▶ [EXERCISE GOAL]:
Which lines in the listing below contain "auch"? Copy each of them.

▶ [INFORMATION SUPPLIED]:
%%

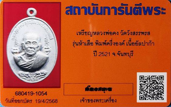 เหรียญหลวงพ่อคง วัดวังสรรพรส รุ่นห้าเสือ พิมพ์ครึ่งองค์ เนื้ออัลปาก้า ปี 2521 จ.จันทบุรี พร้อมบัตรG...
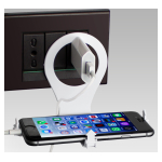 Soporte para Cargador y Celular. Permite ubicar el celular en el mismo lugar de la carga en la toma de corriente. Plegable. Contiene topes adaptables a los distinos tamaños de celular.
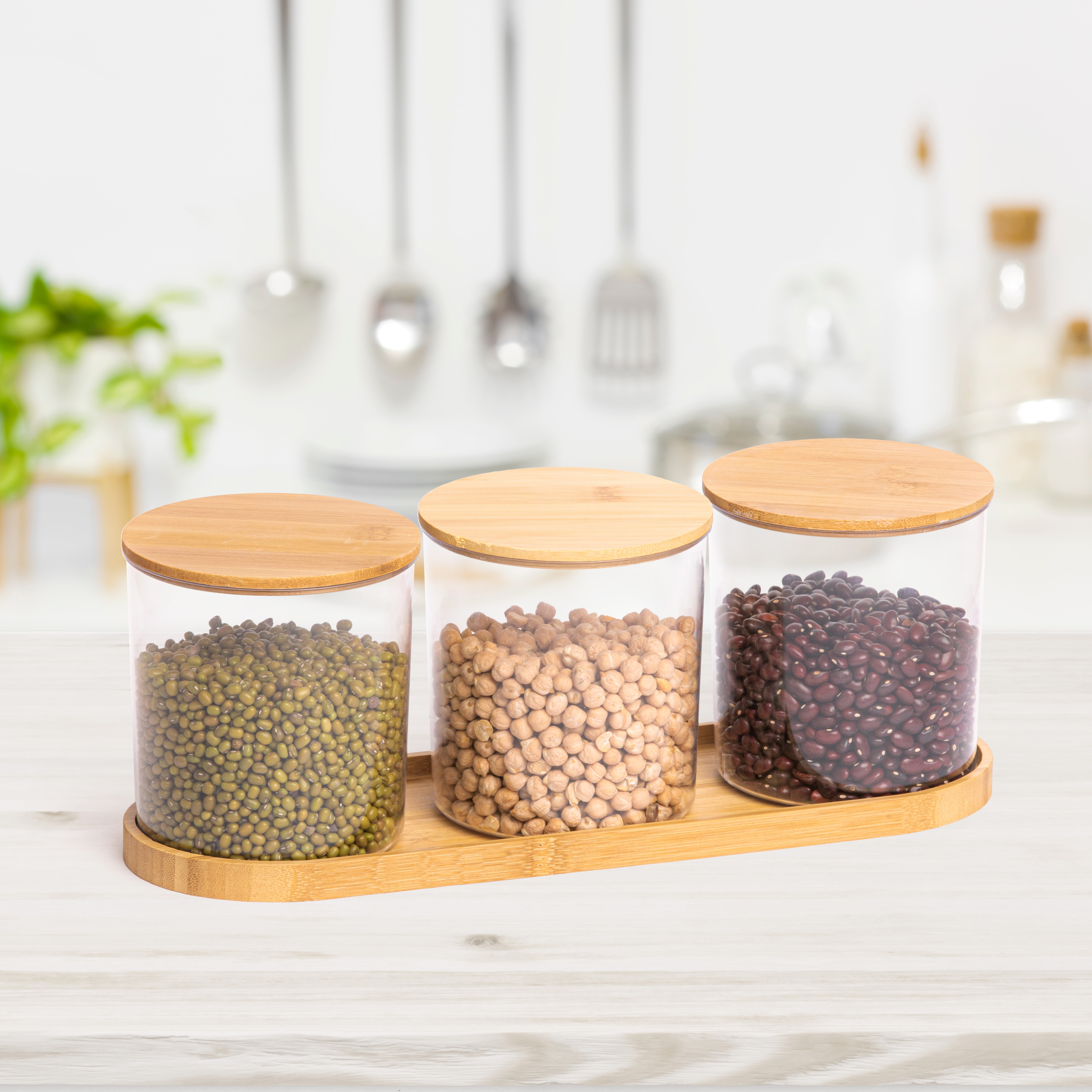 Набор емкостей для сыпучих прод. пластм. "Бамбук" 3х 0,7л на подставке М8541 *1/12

%%
%%

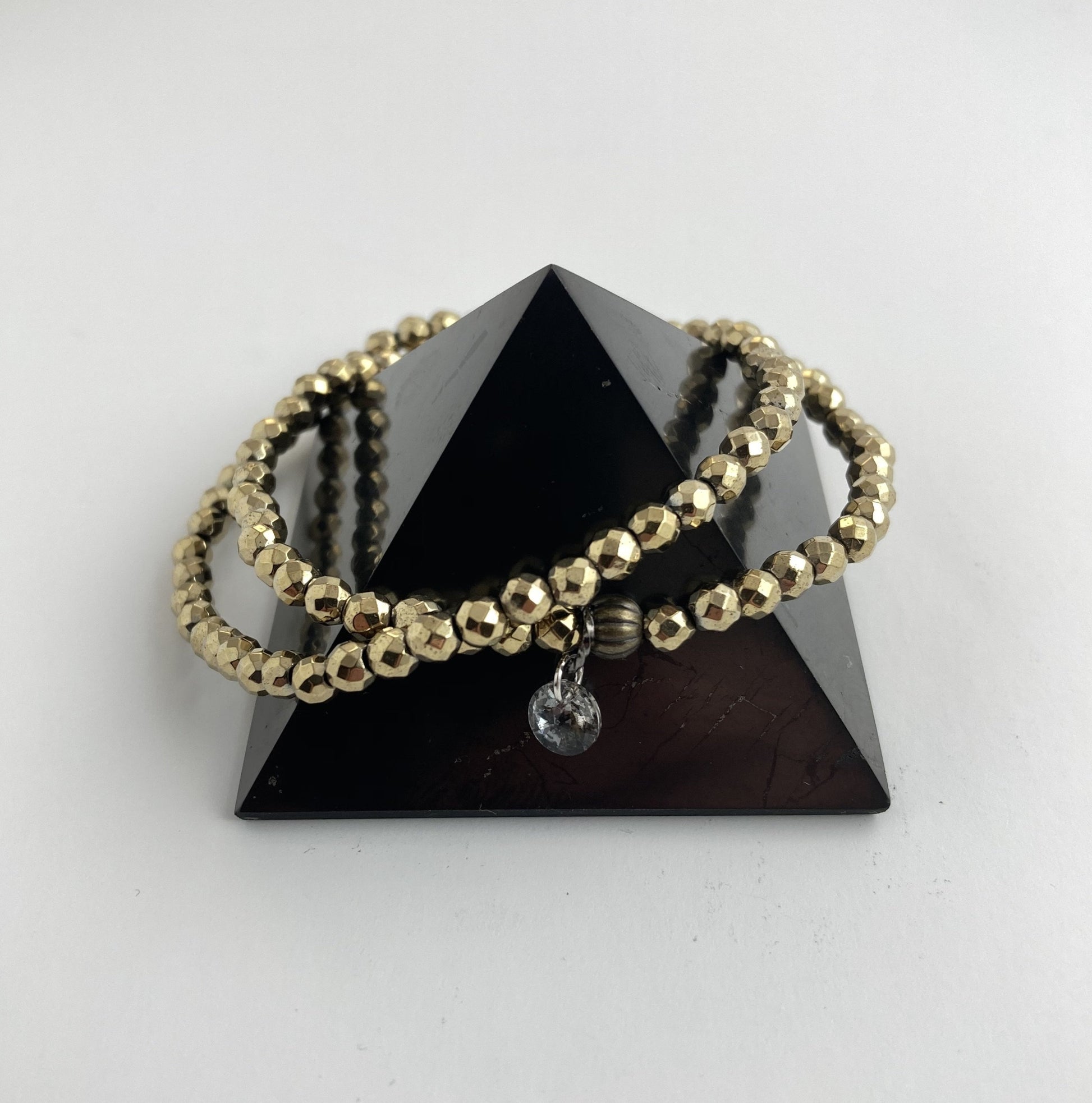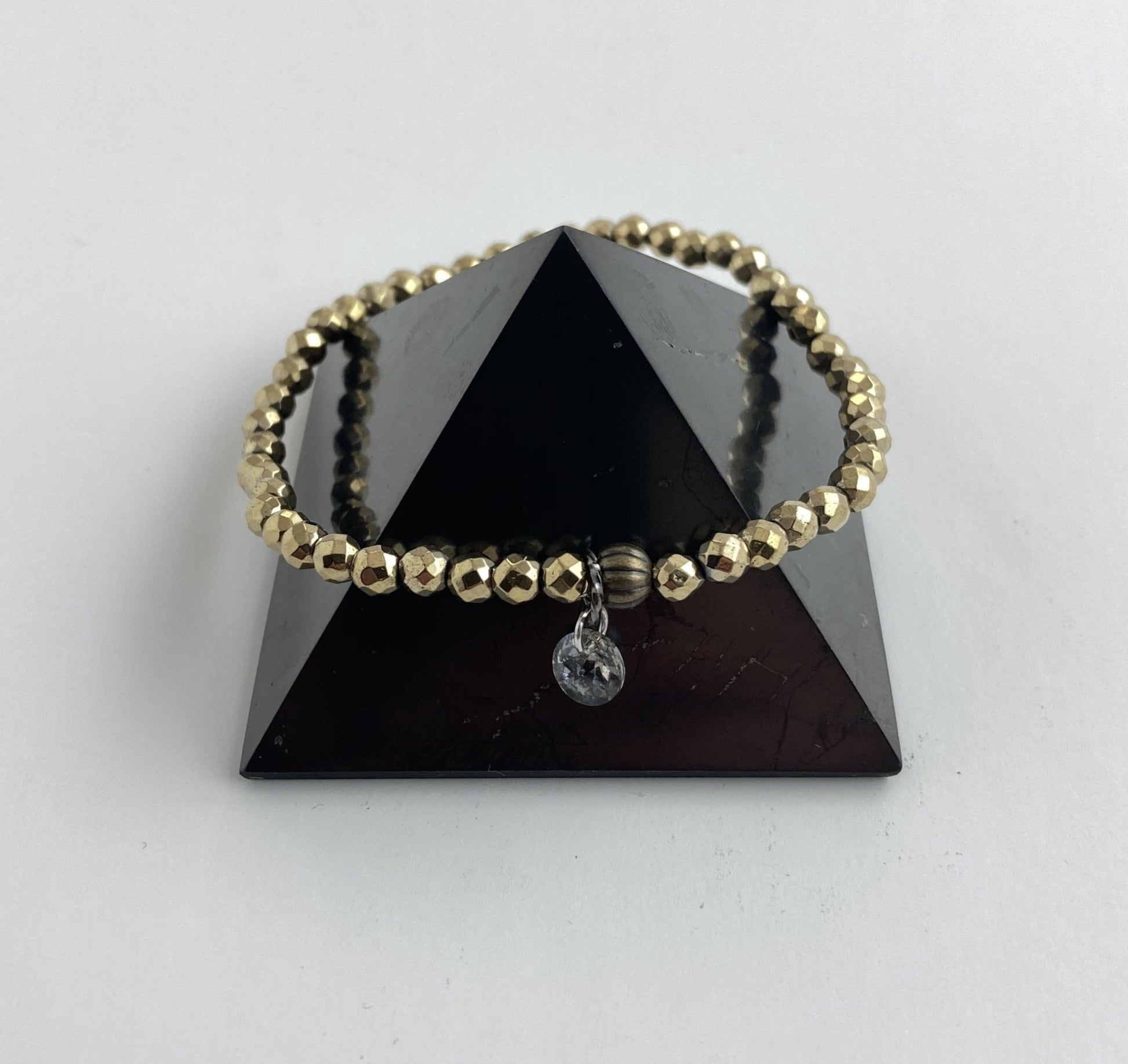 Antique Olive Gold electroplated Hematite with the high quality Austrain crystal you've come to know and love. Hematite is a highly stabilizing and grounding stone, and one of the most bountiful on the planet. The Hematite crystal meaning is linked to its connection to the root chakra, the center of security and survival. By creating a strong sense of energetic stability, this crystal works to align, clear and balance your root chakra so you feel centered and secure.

%%
%%

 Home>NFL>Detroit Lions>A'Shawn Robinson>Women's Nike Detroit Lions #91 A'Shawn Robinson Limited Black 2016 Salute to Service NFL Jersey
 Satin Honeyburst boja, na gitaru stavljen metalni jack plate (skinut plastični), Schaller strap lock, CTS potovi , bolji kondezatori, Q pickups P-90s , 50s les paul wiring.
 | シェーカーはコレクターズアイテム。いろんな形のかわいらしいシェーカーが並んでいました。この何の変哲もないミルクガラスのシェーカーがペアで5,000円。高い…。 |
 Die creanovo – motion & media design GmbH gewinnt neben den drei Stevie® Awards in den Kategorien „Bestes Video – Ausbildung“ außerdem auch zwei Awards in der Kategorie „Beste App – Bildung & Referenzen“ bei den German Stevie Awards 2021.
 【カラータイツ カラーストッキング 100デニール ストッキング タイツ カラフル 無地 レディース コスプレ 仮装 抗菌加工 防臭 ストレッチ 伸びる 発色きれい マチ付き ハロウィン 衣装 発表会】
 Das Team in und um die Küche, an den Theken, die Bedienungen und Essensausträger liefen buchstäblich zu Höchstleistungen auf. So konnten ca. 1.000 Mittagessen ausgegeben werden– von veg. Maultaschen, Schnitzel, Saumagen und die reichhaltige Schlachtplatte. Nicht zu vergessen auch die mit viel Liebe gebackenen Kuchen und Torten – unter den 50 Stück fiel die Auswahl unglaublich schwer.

%%

▶ [EXERCISE OUTPUT]:
 Die creanovo – motion & media design GmbH gewinnt neben den drei Stevie® Awards in den Kategorien „Bestes Video – Ausbildung“ außerdem auch zwei Awards in der Kategorie „Beste App – Bildung & Referenzen“ bei den German Stevie Awards 2021.
 Das Team in und um die Küche, an den Theken, die Bedienungen und Essensausträger liefen buchstäblich zu Höchstleistungen auf. So konnten ca. 1.000 Mittagessen ausgegeben werden– von veg. Maultaschen, Schnitzel, Saumagen und die reichhaltige Schlachtplatte. Nicht zu vergessen auch die mit viel Liebe gebackenen Kuchen und Torten – unter den 50 Stück fiel die Auswahl unglaublich schwer.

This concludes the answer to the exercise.